Tag Archives: news

Attack of the 50-Foot Turkey ©

What Dexter Dolby saw before him that Friday night, was unlike any spectacle

he had ever seen. It was the night after Halloween. Police had blocked off the

streets in front of the La Mancha Cineplex where a crowd was starting to form.

Lights and camera bulbs were flashing.

Looking up at the marquee, Dexter, a writer and movie critic for the

Letongaloosa Register-Journal-Challenger-Sun Chronicle, couldn’t believe what

he saw. The marquee announced the premiere of his one-day, iconic film,

Attack of the 50-Foot Turkey.

Dexter couldn’t pinpoint the age that his obsession with cult classics, indie films

and campy “B” movies truly started. He always wanted to make them. Now he

was the winner of the La Mancha Fall Film Festival, and had received the

Trailblazer Award for Up-and Coming Filmmakers. And he was coming face-to face

with his creation.

As a kid, Dexter took the bus to La Mancha and got off in front of the old Odeon

Theatre. Every week, he bought a ticket for the afternoon matinee, headed to the

hamburger stand for a burger and a chocolate shake and then visited The La

Mancha Wildlife Conservatory. He loved to see the animals, particularly the

turkeys, before the movie started.

It was always a fun afternoon, but it was inside the theatre that Dexter felt really

alive. It always excited him to see the creatures come to life onscreen. With

popcorn and candy in hand he sat on the front row and watched the strange

plots evolve, and enjoyed the weird costumes and odd camera angles of

movies like Attack of the Puppet People, Attack of the Killer Tomatoes and It

Came from Outer Space.

As an adult, Dexter was a behind-the scenes kind of guy. He preferred observing

and capturing life’s quirky little oddities from behind the lens of an old Revere

8Mm movie camera, a present from his grandpa, George. Dexter filmed

whatever walked in front of his camera. Frequently what walked in front of his

camera were turkeys from the conservatory. The strutting birds often escaped

and paraded through the center of downtown. One Saturday, Dexter picked

up his camera and followed them.

Later, he learned everything he could about turkeys from the biology of their

beaks to the grandeur of their gobbles. He learned that turkeys are related to

dinosaurs. They have the same chest structure as the giant T-Rex.

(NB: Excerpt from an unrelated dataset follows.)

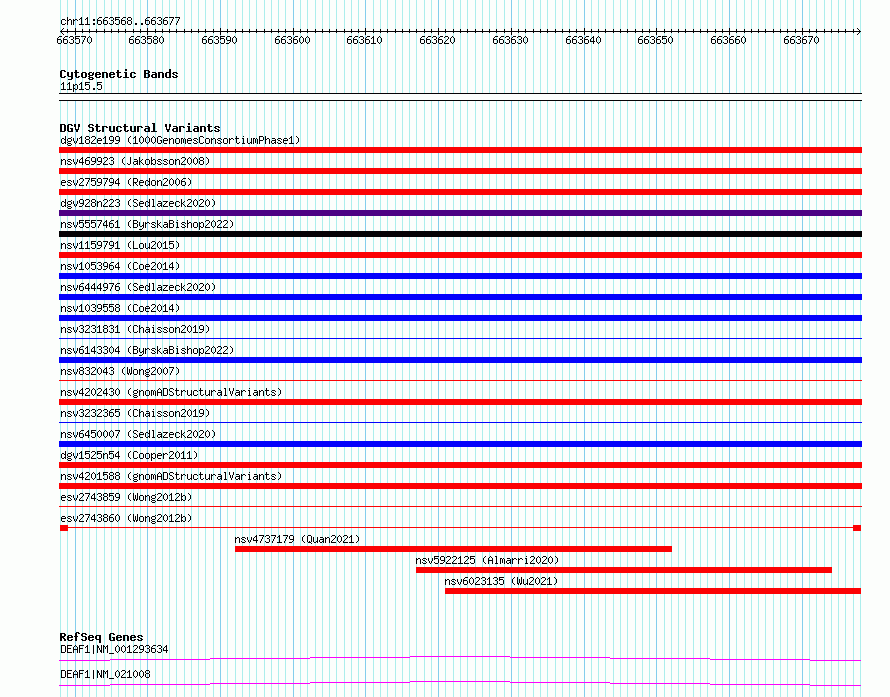Variant DetailsVariant: essv6976786| Internal ID | 10081362 | | Landmark | | | Location Information | | | Cytoband | 11p15.5 | | Allele length | | Assembly | Allele length | | hg38 | 110 | | hg19 | 110 |

Now, all these years later, Dexter stood on the red carpet, lights of the

photographer’s flashbulbs capturing his image. He wasn’t used to the frenzy

that came from being in front of the camera, But he was a filmmaker now and

he was loving every moment of it.

People had told him that Hollywood directors and producers were attending

the film festival. If that was true, he’d love to work in Hollywood. Regardless,

hoped they liked what they saw. He hoped everyone did.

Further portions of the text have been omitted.